Problem requirements — Below are entries; repeat exactly, and nothing else, the lines from the one holding "Musician Zheng Xiangming,76, practices" through the one holding "Low level WC, pedestal", inclusive. Leave the pictures out.

Material for the task —
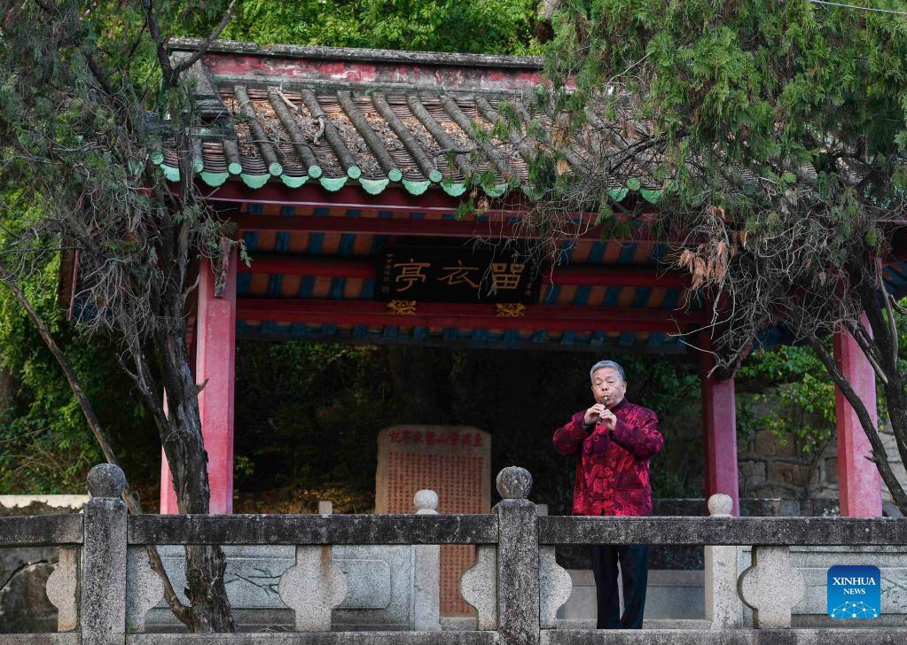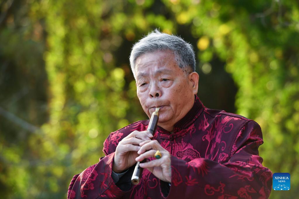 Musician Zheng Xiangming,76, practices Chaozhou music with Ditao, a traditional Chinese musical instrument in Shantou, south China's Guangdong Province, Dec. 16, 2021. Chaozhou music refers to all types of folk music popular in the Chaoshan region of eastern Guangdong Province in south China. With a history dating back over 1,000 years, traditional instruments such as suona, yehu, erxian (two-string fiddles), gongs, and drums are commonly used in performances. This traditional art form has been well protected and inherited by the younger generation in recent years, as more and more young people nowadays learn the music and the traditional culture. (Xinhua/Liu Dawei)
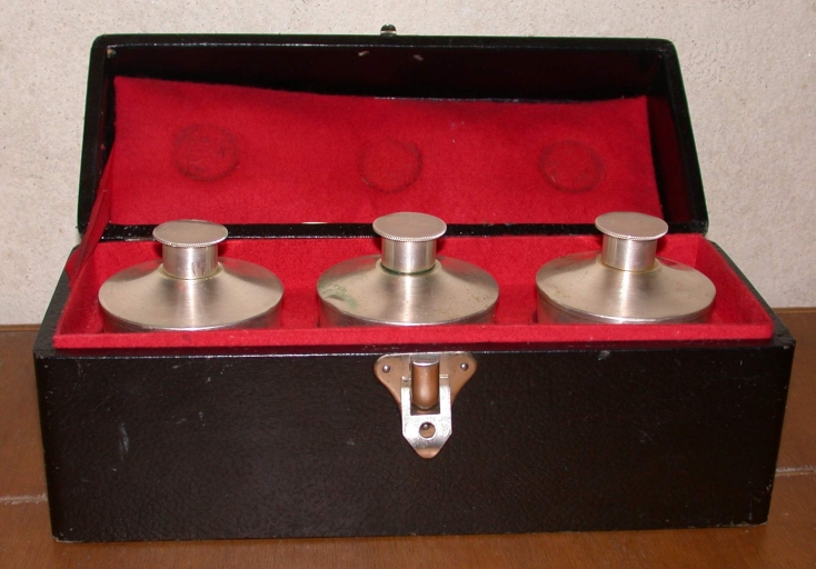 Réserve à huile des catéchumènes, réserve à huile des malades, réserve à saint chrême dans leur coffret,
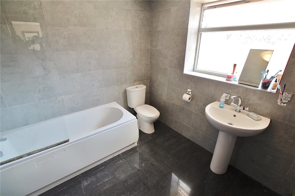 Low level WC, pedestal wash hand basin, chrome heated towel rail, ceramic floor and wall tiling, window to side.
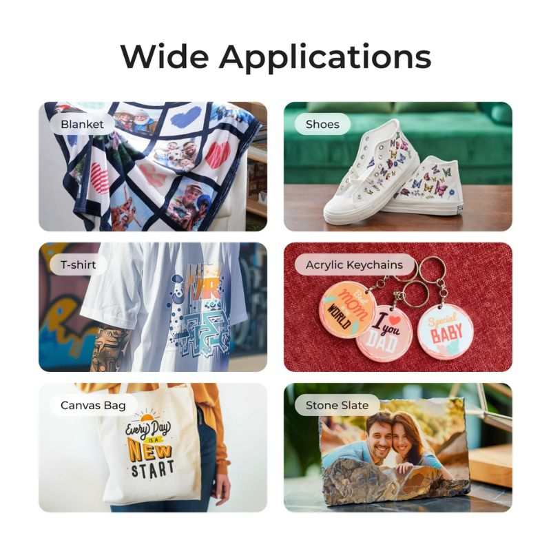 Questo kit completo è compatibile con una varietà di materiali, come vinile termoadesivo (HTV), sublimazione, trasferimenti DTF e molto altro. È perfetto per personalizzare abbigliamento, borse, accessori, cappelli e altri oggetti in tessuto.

--

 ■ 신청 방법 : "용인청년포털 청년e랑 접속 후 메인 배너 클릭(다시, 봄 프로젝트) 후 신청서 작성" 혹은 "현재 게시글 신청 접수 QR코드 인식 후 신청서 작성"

...

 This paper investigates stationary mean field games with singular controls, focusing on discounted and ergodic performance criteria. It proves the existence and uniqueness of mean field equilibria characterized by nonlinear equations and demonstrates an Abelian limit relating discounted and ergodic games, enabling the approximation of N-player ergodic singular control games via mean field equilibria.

Exercise output —
 Musician Zheng Xiangming,76, practices Chaozhou music with Ditao, a traditional Chinese musical instrument in Shantou, south China's Guangdong Province, Dec. 16, 2021. Chaozhou music refers to all types of folk music popular in the Chaoshan region of eastern Guangdong Province in south China. With a history dating back over 1,000 years, traditional instruments such as suona, yehu, erxian (two-string fiddles), gongs, and drums are commonly used in performances. This traditional art form has been well protected and inherited by the younger generation in recent years, as more and more young people nowadays learn the music and the traditional culture. (Xinhua/Liu Dawei)
 Réserve à huile des catéchumènes, réserve à huile des malades, réserve à saint chrême dans leur coffret,
 Low level WC, pedestal wash hand basin, chrome heated towel rail, ceramic floor and wall tiling, window to side.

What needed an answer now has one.